- [Entries supplied]:
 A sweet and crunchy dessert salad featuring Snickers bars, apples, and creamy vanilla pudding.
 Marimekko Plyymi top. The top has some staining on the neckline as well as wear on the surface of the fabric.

* * *

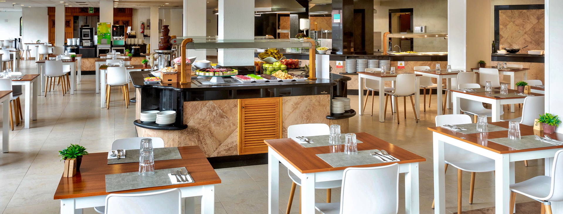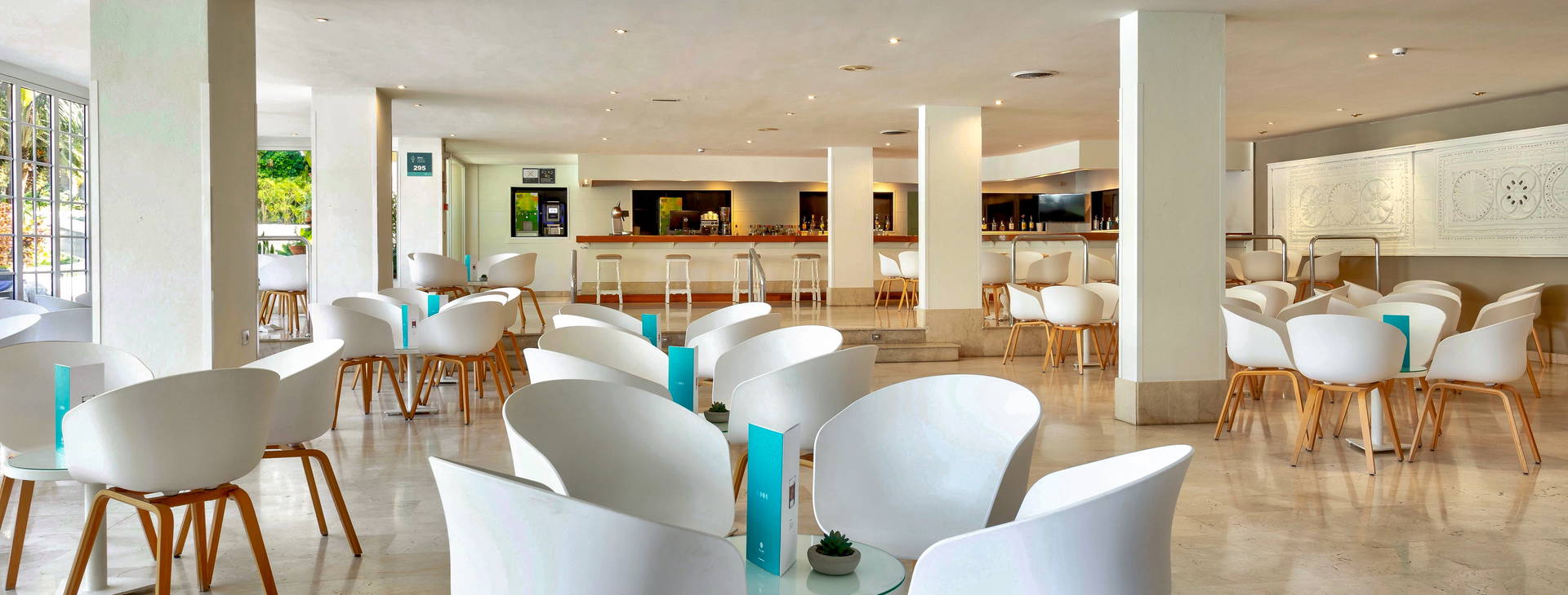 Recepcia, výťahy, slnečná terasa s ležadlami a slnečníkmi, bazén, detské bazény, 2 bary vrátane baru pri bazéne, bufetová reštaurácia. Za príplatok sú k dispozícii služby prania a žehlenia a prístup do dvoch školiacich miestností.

---

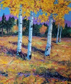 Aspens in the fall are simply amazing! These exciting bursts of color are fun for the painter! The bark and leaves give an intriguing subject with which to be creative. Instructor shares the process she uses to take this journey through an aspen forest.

- [Exercise requirements]:
Beginning at the line above with "A sweet and" and finishing at the line with "Marimekko Plyymi top.", return each line exactly and return nothing else.

- [Response area]:
 A sweet and crunchy dessert salad featuring Snickers bars, apples, and creamy vanilla pudding.
 Marimekko Plyymi top. The top has some staining on the neckline as well as wear on the surface of the fabric.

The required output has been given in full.